Page:Lucie Delarue-Mardrus - El Arab.djvu/183

La bibliothèque libre.
Le texte de cette page a été corrigé et est conforme au fac-similé.
180
El Arab

— À certaines dates, toute la famille se réunit ici. Nous nous installons sur les bancs, nous prenons le café, nous parlons des événements politiques et autres.

Tenir compagnie aux morts, comme au cimetière de Scutari…

Donc cette petite maison est une sépulture. Tout à l’heure nous allons découvrir mieux. Le café bu, les cigarettes fumées, la conversation épuisée, le pacha se lève. C’est pour nous faire reprendre les marches souterraines. Mais, au lieu de les remonter pour sortir, nous descendons au contraire plus bas, dans la crypte. Sous l’électricité, ses étroites murailles à la chaux éclatent de blancheur. Rien. Un simple couloir entièrement vide. Le pacha touche un point du mur : « Là est mon père. » Il désigne le mur qui fait face : « Là sont mes grands-parents. »

De nos questions et de ses réponses il ressort que les morts de sa parenté, derrière ces murs, sont couchés côte à côte et sans cercueils sur des lits de fleurs, de plantes aromatiques et de henné. À chaque nouveau venu le mur est démoli pour laisser passage au corps, puis reconstruit aussitôt. Seules les grandes familles peuvent se permettre semblable apparat.

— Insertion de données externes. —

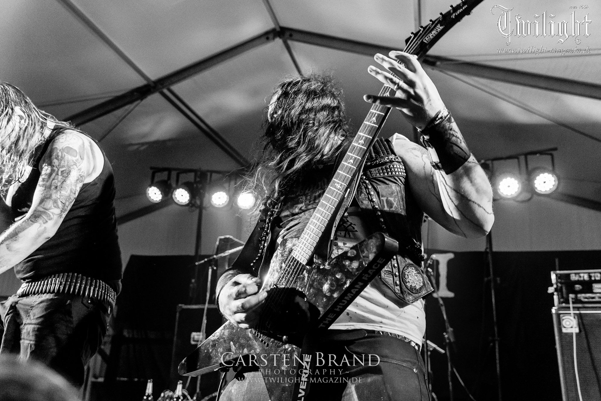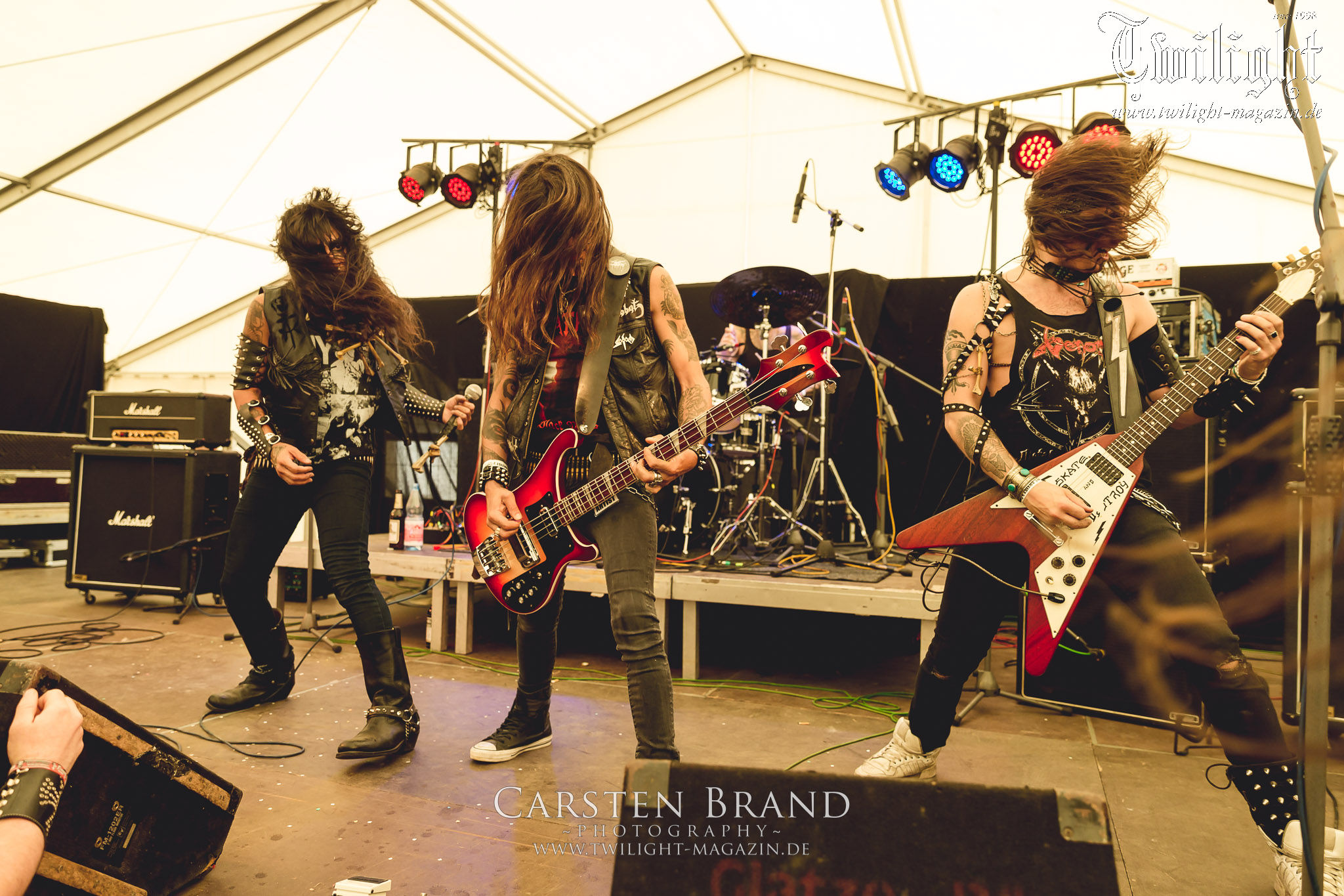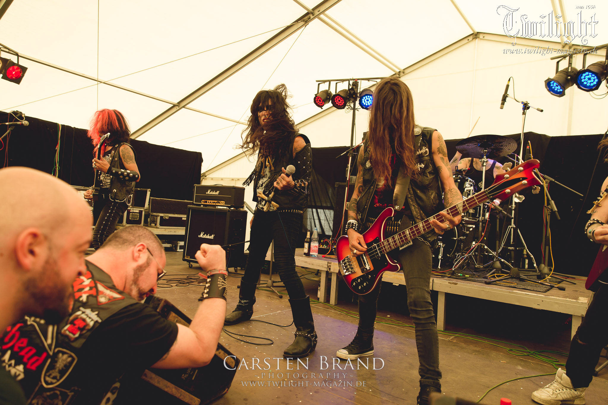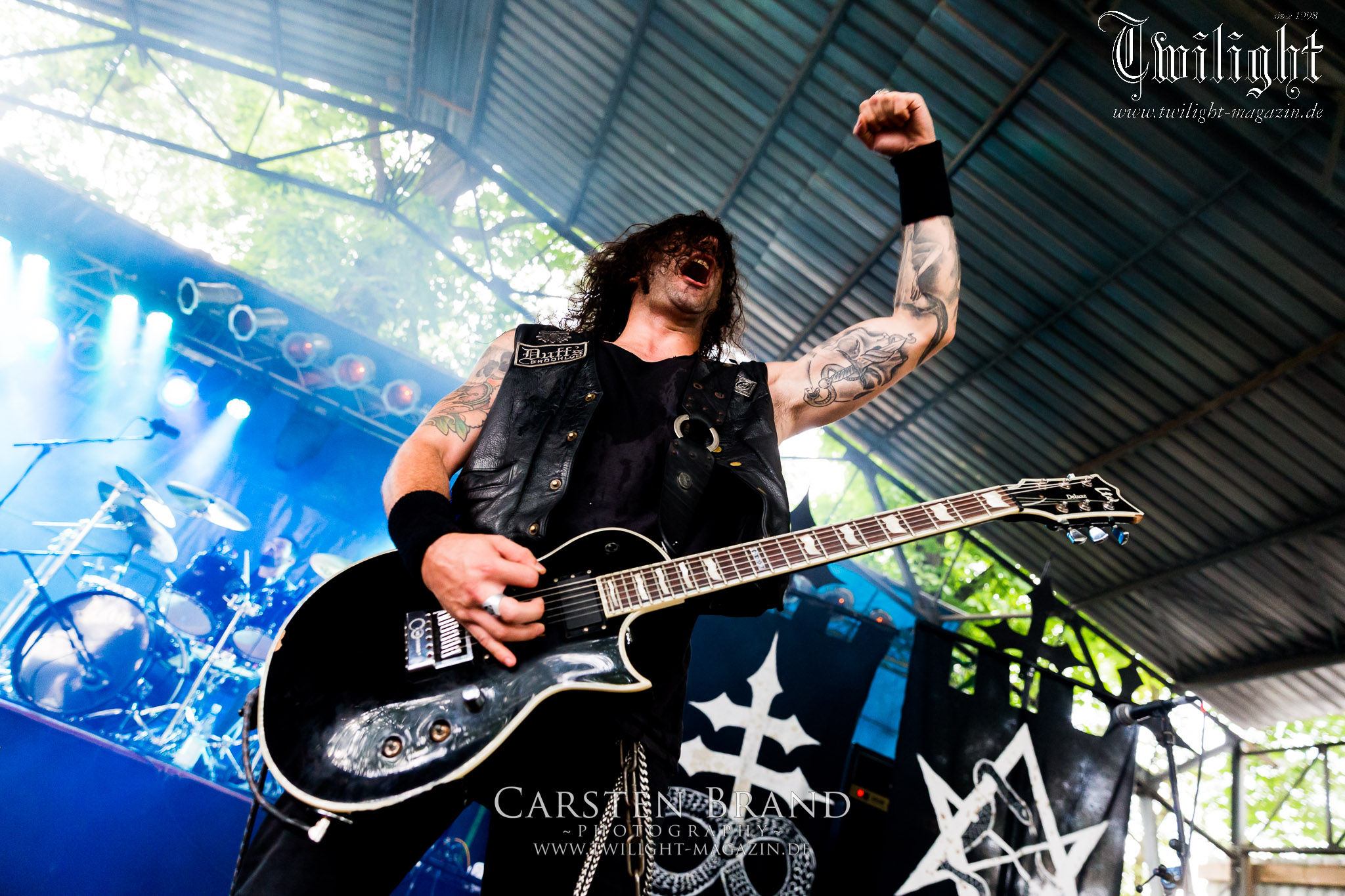 Auch die in Berlin beheimatete multinationale Truppe von INDIAN NIGHTMARE tritt anschließend im Zelt an. Zwar konnte mich das aktuelle Zweitwerk "By Ancient Force" aufgrund des fehlenden Überraschungseffektes des Debuts "Taking Back The Land" bisher noch nicht vollends überzeugen, dennoch ist die Truppe Live in den vergangenen zwei Jahren seit dem Frühschoppen-Auftritt beim Party.San Metal Open Air 2017 live zu einer echten Macht gereift. Die Band legt eine wahnsinnige Spielfreude an den Tag, mit der sie das kultige Gebräu aus Speed, Heavy, Thrash Metal und Punk von der Bühne hinab rotzt. An Pathos wird ebenso wenig gegeizt, wie mit Kritik am gesellschaftlich nicht nur gegenwärtig schiefliegendem Moralsystem. Der Fünfer verkörpert und schwitzt Metal aus jeder Pore. "War Metal Punks", "Betrayers", "Warlords", "Circles Of Fire" oder auch "Set The Spirit Free", um nur eine Auswahl zu nennen, zünden und reißen sofort mit. Hingabe, vor allem aber Leidensbereitschaft zeigt Drummer Lalo, der trotz körperlicher Einschränkungen, die er sich bei einem Hundebiss nur wenige Tage zuvor zugezogen hatte, durch den Gig prügelt. Indian Nightmare sorgen für einmal mehr und nachhaltig für Eindruck.

Oui… L’embaumement ; la momie de première classe…

Je n’ai pu m’en empêcher :

— Mais c’est l’hypogée !

Le pacha me regarde avec des yeux hagards. Comme la plupart de ses pareils il ignore tout de l’Égypte des Pharaons. Il ne sait pas de quoi je lui parle. À tout hasard il murmure :

— Chaque pays a ses coutumes, n’est-ce pas ?


Garder à travers des siècles de siècles, même quant au type physique, une inaltérable personnalité, c’est, il semble, — c’était — le secret de l’Égypte.